[Entries taken from a collection]

◆ ◆ ◆ ◆ ◆ ◆ ◆

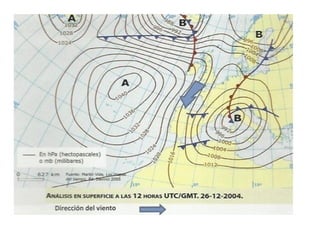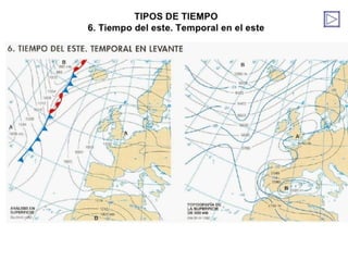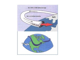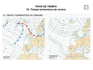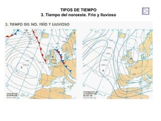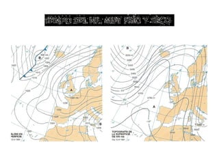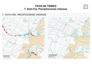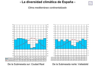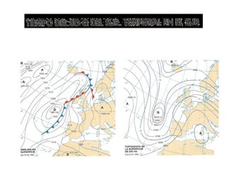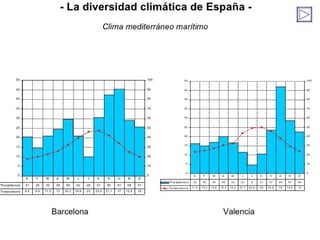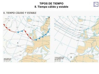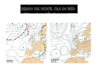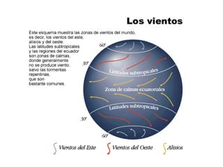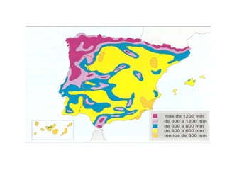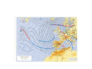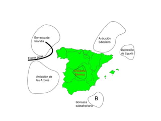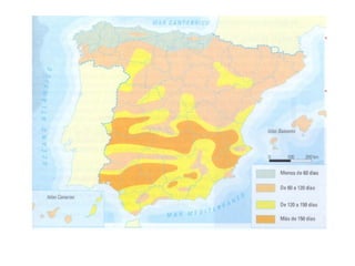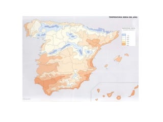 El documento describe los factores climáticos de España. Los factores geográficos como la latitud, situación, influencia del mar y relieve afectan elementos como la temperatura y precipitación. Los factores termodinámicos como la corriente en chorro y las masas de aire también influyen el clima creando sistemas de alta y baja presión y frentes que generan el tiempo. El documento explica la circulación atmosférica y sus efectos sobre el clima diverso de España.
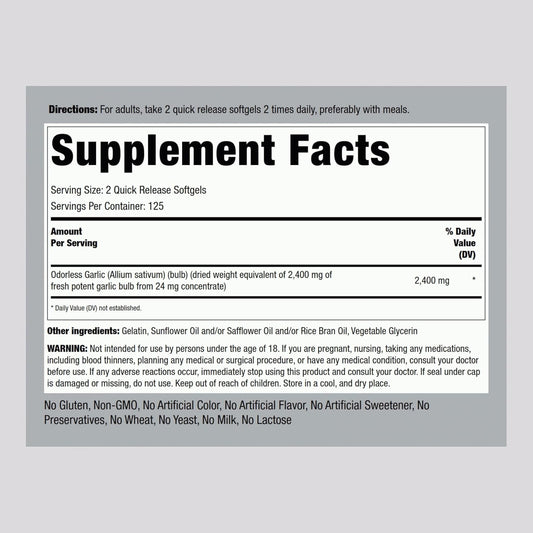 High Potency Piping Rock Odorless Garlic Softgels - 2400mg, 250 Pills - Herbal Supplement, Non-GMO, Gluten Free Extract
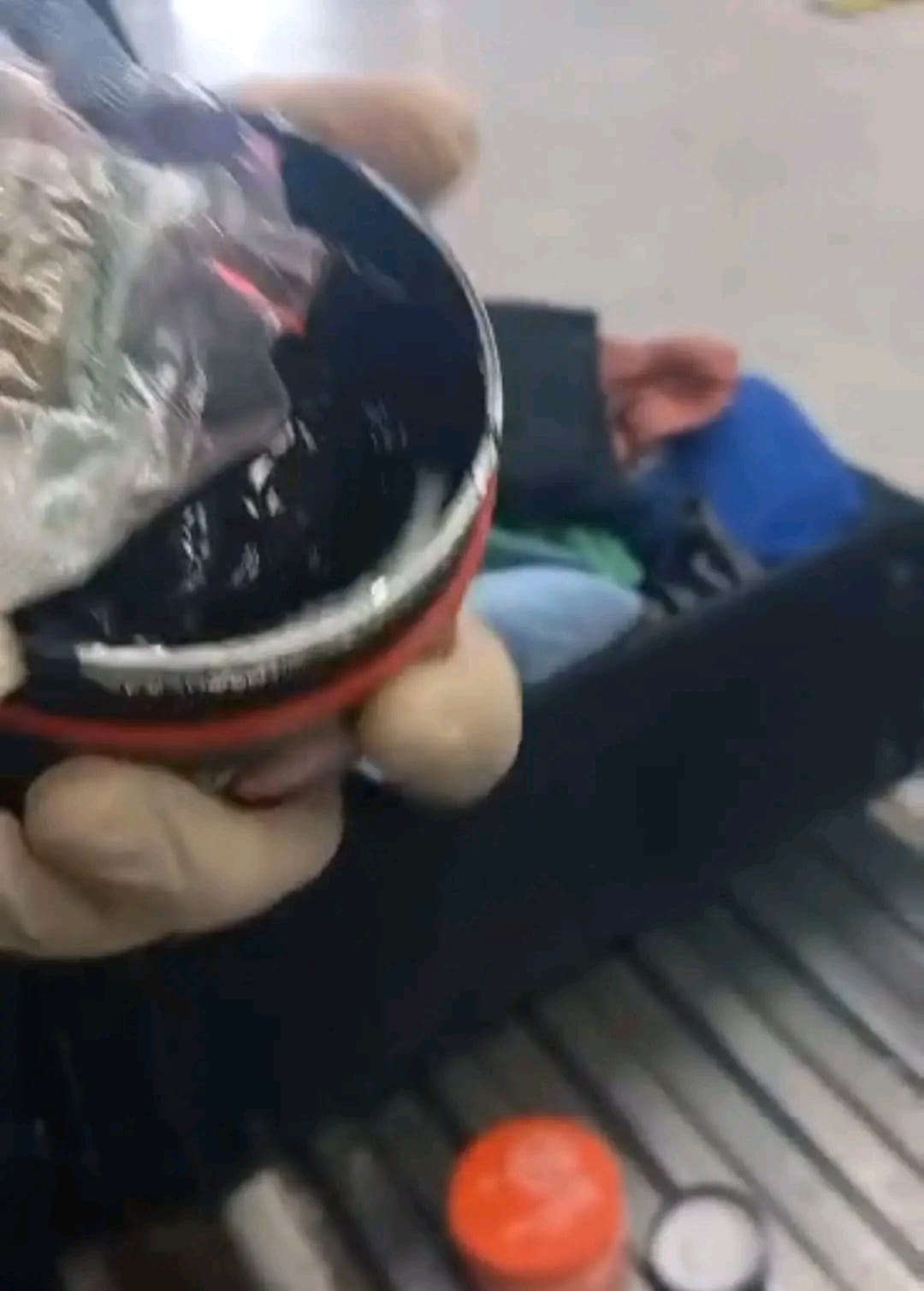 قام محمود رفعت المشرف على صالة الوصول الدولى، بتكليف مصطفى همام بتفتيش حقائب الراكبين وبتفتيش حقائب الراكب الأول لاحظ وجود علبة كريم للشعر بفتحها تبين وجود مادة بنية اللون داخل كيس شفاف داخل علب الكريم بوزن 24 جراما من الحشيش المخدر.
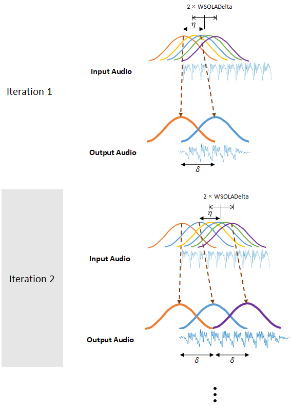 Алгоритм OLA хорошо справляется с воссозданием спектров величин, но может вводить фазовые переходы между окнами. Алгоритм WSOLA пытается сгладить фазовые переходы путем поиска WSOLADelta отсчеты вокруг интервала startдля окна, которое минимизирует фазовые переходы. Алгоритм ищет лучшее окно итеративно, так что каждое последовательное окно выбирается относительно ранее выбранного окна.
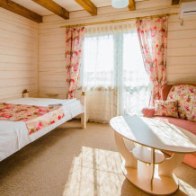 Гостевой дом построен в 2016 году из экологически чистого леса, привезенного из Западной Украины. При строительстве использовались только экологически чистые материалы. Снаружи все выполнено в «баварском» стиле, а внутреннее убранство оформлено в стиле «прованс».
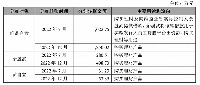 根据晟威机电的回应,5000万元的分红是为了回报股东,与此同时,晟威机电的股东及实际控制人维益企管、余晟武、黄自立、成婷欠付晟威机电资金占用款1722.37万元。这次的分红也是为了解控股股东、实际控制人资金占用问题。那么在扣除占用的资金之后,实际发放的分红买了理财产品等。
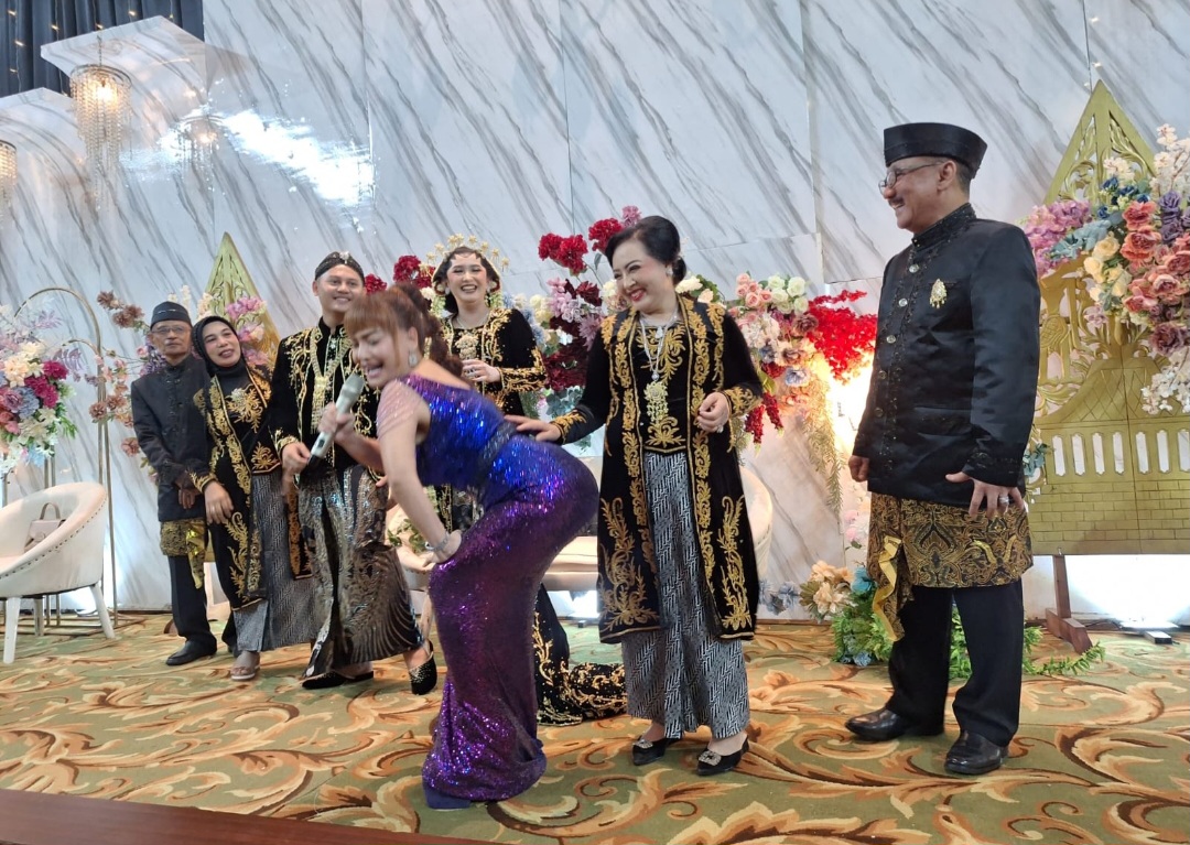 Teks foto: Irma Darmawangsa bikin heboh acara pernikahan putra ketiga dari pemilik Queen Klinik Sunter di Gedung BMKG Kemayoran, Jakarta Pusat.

◆ ◆ ◆ ◆ ◆ ◆ ◆

Could you output the full set of entries exactly, skipping every picture?

 El documento describe los factores climáticos de España. Los factores geográficos como la latitud, situación, influencia del mar y relieve afectan elementos como la temperatura y precipitación. Los factores termodinámicos como la corriente en chorro y las masas de aire también influyen el clima creando sistemas de alta y baja presión y frentes que generan el tiempo. El documento explica la circulación atmosférica y sus efectos sobre el clima diverso de España.
 High Potency Piping Rock Odorless Garlic Softgels - 2400mg, 250 Pills - Herbal Supplement, Non-GMO, Gluten Free Extract
 قام محمود رفعت المشرف على صالة الوصول الدولى، بتكليف مصطفى همام بتفتيش حقائب الراكبين وبتفتيش حقائب الراكب الأول لاحظ وجود علبة كريم للشعر بفتحها تبين وجود مادة بنية اللون داخل كيس شفاف داخل علب الكريم بوزن 24 جراما من الحشيش المخدر.
 Алгоритм OLA хорошо справляется с воссозданием спектров величин, но может вводить фазовые переходы между окнами. Алгоритм WSOLA пытается сгладить фазовые переходы путем поиска WSOLADelta отсчеты вокруг интервала startдля окна, которое минимизирует фазовые переходы. Алгоритм ищет лучшее окно итеративно, так что каждое последовательное окно выбирается относительно ранее выбранного окна.
 Гостевой дом построен в 2016 году из экологически чистого леса, привезенного из Западной Украины. При строительстве использовались только экологически чистые материалы. Снаружи все выполнено в «баварском» стиле, а внутреннее убранство оформлено в стиле «прованс».
 根据晟威机电的回应,5000万元的分红是为了回报股东,与此同时,晟威机电的股东及实际控制人维益企管、余晟武、黄自立、成婷欠付晟威机电资金占用款1722.37万元。这次的分红也是为了解控股股东、实际控制人资金占用问题。那么在扣除占用的资金之后,实际发放的分红买了理财产品等。
 Teks foto: Irma Darmawangsa bikin heboh acara pernikahan putra ketiga dari pemilik Queen Klinik Sunter di Gedung BMKG Kemayoran, Jakarta Pusat.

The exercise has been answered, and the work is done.